**WORK TASK**. Exercise in exact copying: restate word for word only the lines below from the one containing "Neuzil, Chris, Lenny" through the one containing "It also had", omitting any pictures.

*** Opening INPUT DATA ***

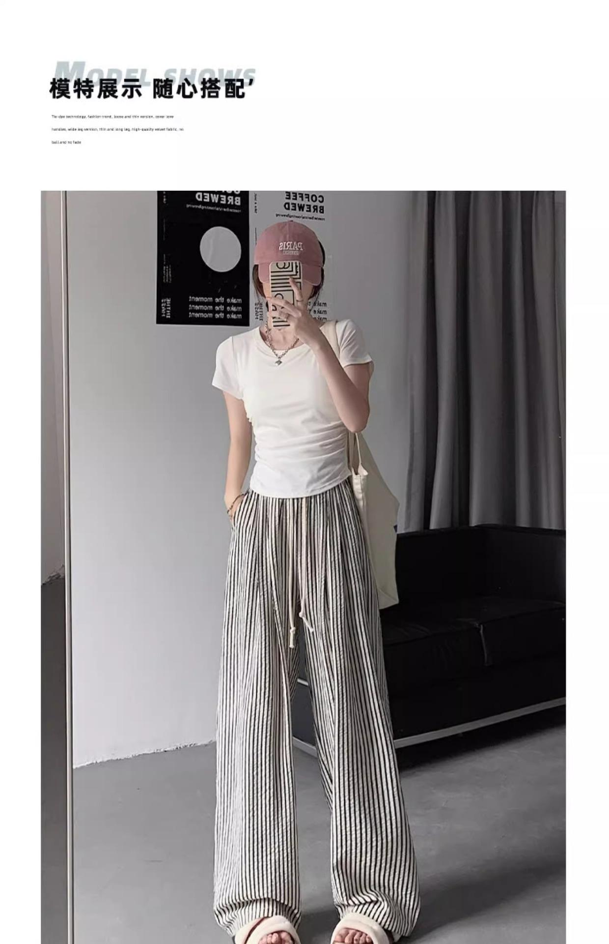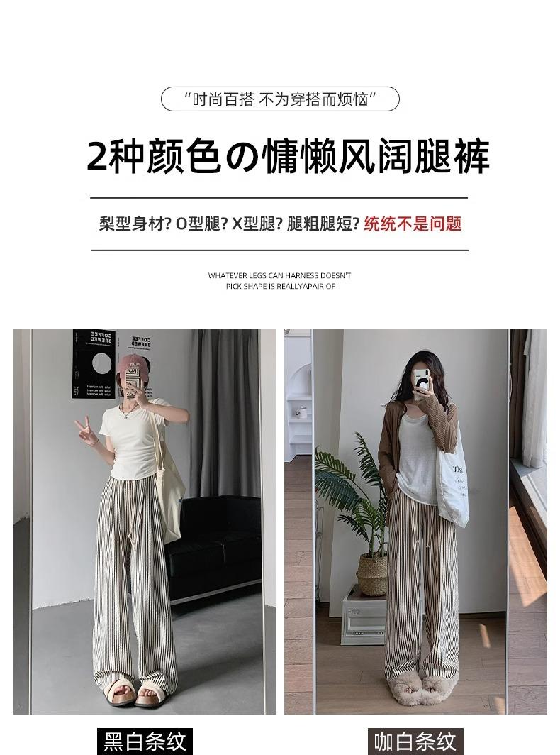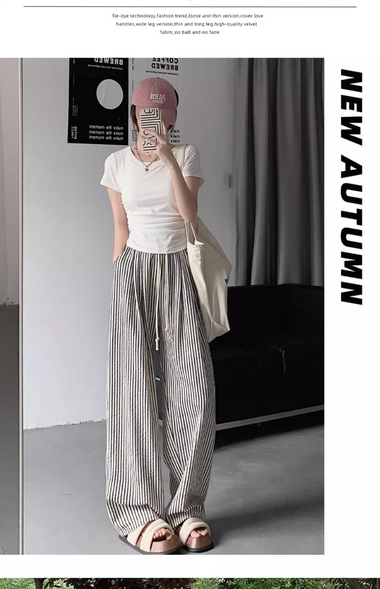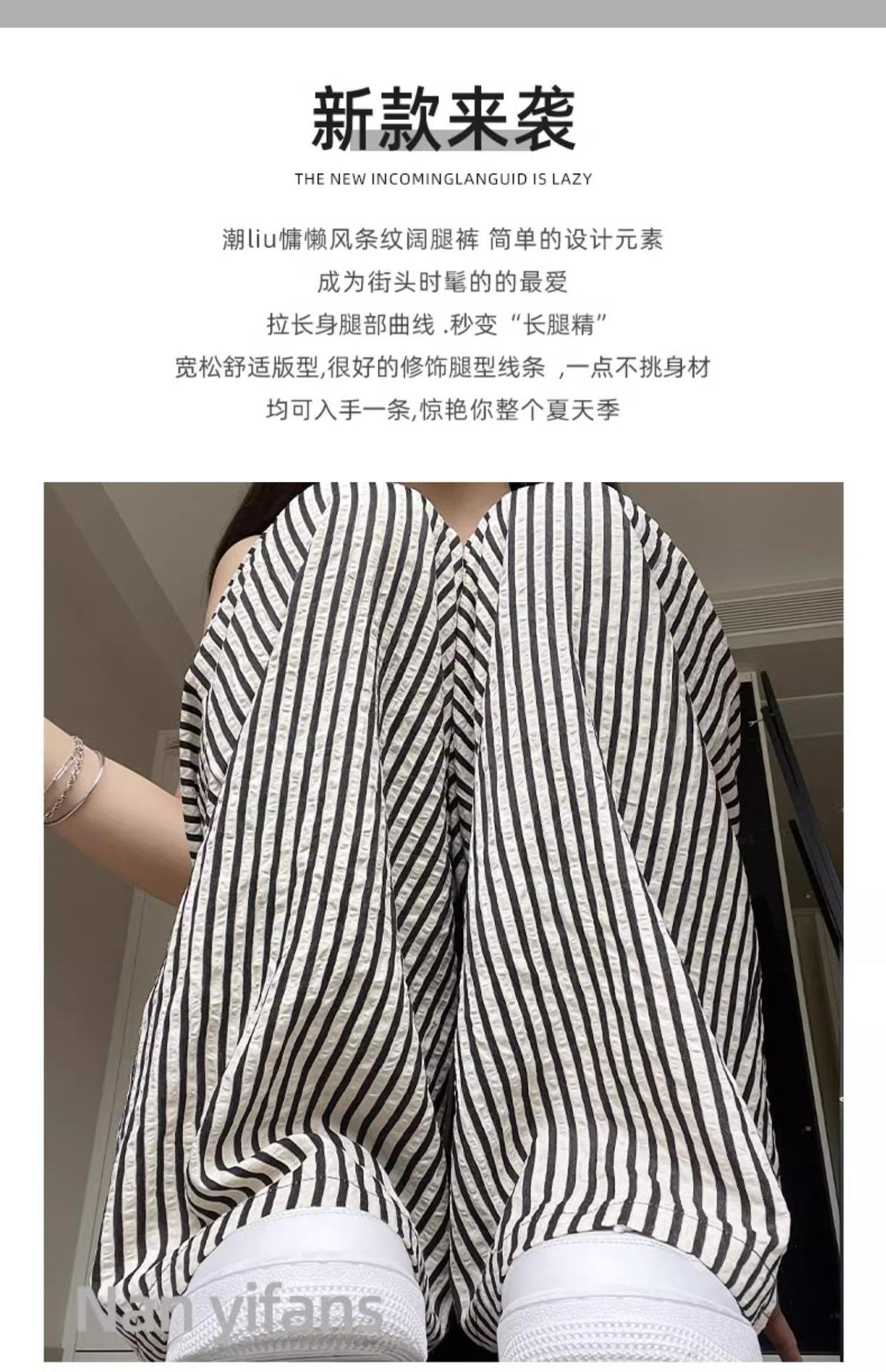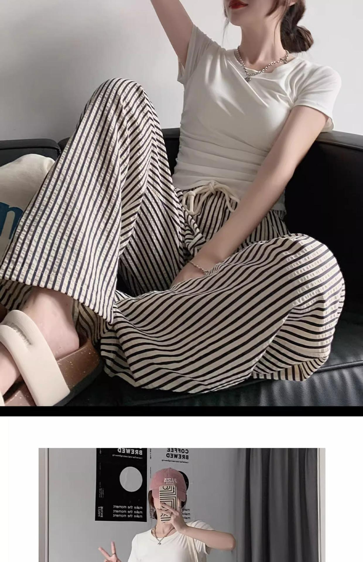 Pantalones casuales ajustados y pequeños para caminar, 145, nuevos pantalones anchos a rayas de cintura alta para mujer, verano 150, holgados y perezosos
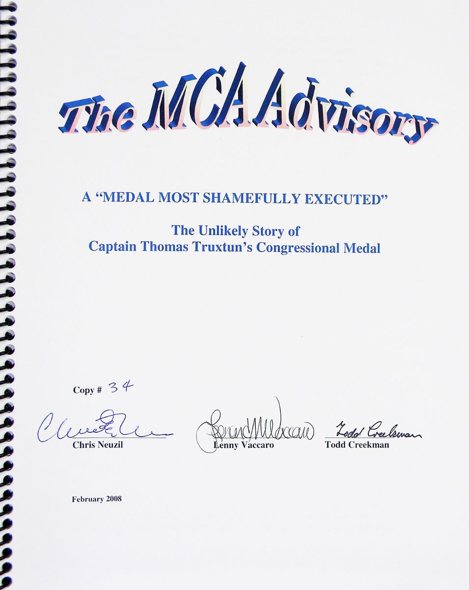 Neuzil, Chris, Lenny Vaccaro and Todd Creekman. A “MEDAL MOST SHAMEFULLY EXECUTED”: THE UNLIKELY STORY OF CAPTAIN THOMAS TRUXTUN’S CONGRESSIONAL MEDAL. Boston: Medal Collectors of America, 2008. 4to, original spiral binding. 2-41 pages; illustrated in color and black and white. Signed by the authors on front cover. New. An authorized offprint from the MCA Advisory, issued in very limited quantities.
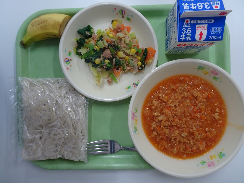 3/3(火)ソフトめん 函南トマトのミートソース こまツナサラダ バナナ
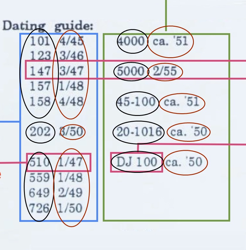 It also had a 500 series, with number snapshot points working exactly as did for the 100 series; there were also a 4000, 5000, 45-100, 20-1016 (more likely 20-1000 series, but the only entry known to the authors was 20-1016), and DJ 100 series, each of which has only a single entry shown in the guide. That may or may not mean that only one record appeared with a number of that sort.
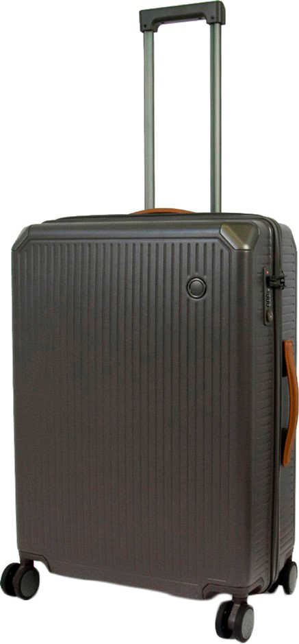 Маленький чемодан и подходящая ручная кладь. Коллекция Shogun соединяет в себе высокое качество, традиции и минимализм. Изящный внешний вид, дизайн в плотную полоску. Фактурная матовая поверхность со стальным отблеском, защищающая от царапин и следов. Верхние углы обернуты в металлические накладки — это способствует отличной буферизации. Телескопическая выдвижная ручка и кожаная, комфортная для переноса. Четыре двойных колеса, эргономичные и поворотливые. Замок с кодовой блокировкой. Боковые ножки для устойчивости. Долговечный материал — поликарбонат, прочный, стойкий к трещинам, ударам и падениям, легкий в уходе. Размеры 48x68x25 см., объем 73 л, вес — 3.9 кг.
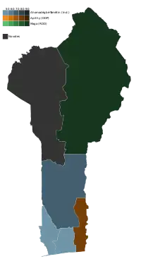 The accusations made against him did not affect Maga's standing in the polls; he received a majority of the vote in the north, and Apithy and Ahomadégbé-Tomêtin received a majority in the southeast and southwest/central, respectively.[6] The election results showed a victory for Maga with 252,551 votes, 200,091 for Ahomadégbé-Tomêtin, and 186,332 for Apithy.[10] In the entire south, Maga received 24,000 votes compared to the 180,000 who voted for him in the Borgou Department, obtaining 97.3 percent of the 78 percent turnout.[11] Zinsou, running to counter the constant tribal clashes, received 3 percent,[12] with 17,551 votes.[10]
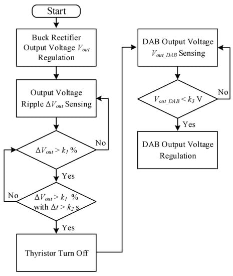 To successfully stabilize the DC-link voltage under the fault conditions, the protection algorithm of the buck rectifier and the DAB converter is proposed in Figure 11. When the switch of the buck rectifier has the short-fault, the faulty bridge loses its controllability and the output voltage ripple is increased. Therefore, in the first protection process of the proposed algorithm, the output voltage ripple is used to detect this fault condition. If the output voltage ripple increases at a certain point, the thyristor is turned off to protect the output stage. In the case of the load transient, which can increase the voltage ripple, the output voltage ripple detection collects the voltage ripple data during a specific time to determine the on- of off-state of the thyristor. After the thyristor is turned off, the output voltage starts to decrease due to the absence of the power source. When the output voltage is decreased to a specific voltage level, the DAB converter supplies the electric power from the battery to the output stage to regulate the DC-bus voltage.
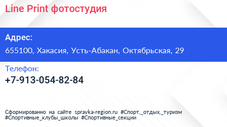 Line Print, фотостудия по адресу 655100, Хакасия, Усть-Абакан, Октябрьская, 29 в дальнейшем Организация, размещена в следующих категориях:
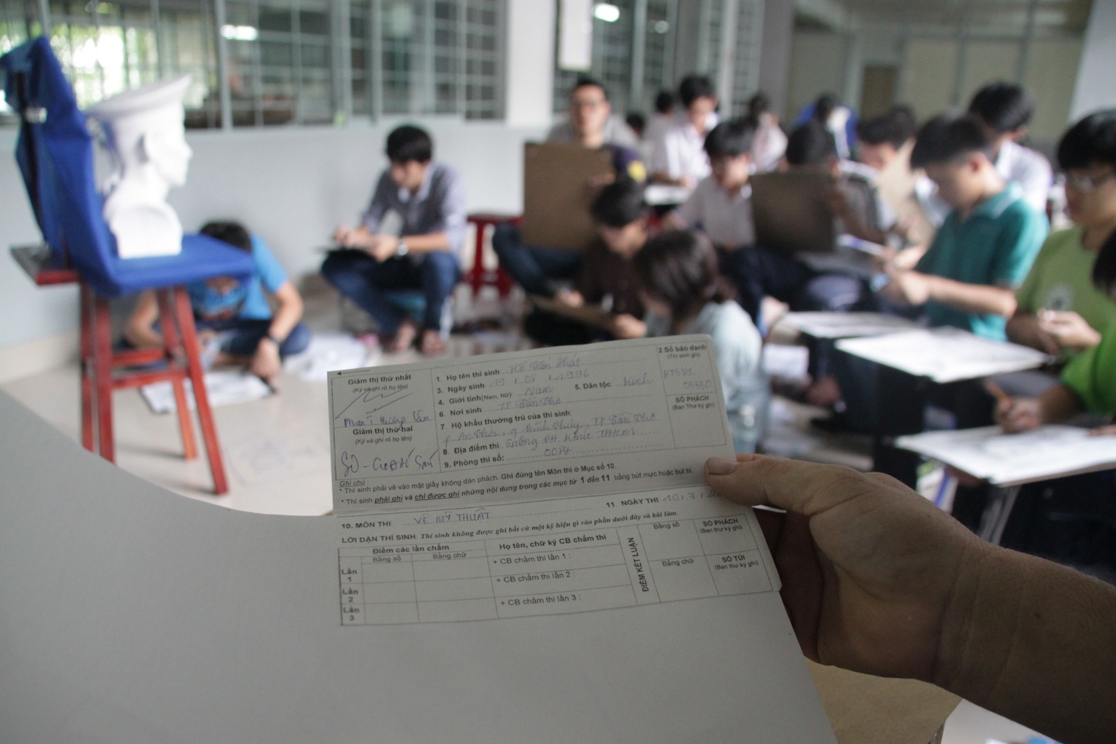 | Không như nhiều bài thi khác, với phần thi vẽ thì thí sinh được phát 1 mảnh giấy riêng để điền thông tin. Mảnh giấy được dán vào bài làm. |
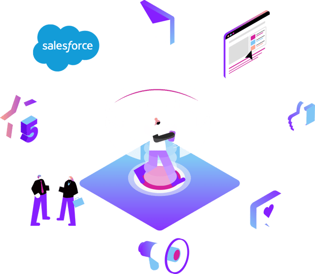 • Déployer et automatiser les notifications à grande échelle : déclenchez des bots ou différentes interactions en fonction des conditions, à l'aide des outils de workflow Salesforce recommandés.

*** Closing INPUT DATA ***

**REPLY**.
 Neuzil, Chris, Lenny Vaccaro and Todd Creekman. A “MEDAL MOST SHAMEFULLY EXECUTED”: THE UNLIKELY STORY OF CAPTAIN THOMAS TRUXTUN’S CONGRESSIONAL MEDAL. Boston: Medal Collectors of America, 2008. 4to, original spiral binding. 2-41 pages; illustrated in color and black and white. Signed by the authors on front cover. New. An authorized offprint from the MCA Advisory, issued in very limited quantities.
 3/3(火)ソフトめん 函南トマトのミートソース こまツナサラダ バナナ
 It also had a 500 series, with number snapshot points working exactly as did for the 100 series; there were also a 4000, 5000, 45-100, 20-1016 (more likely 20-1000 series, but the only entry known to the authors was 20-1016), and DJ 100 series, each of which has only a single entry shown in the guide. That may or may not mean that only one record appeared with a number of that sort.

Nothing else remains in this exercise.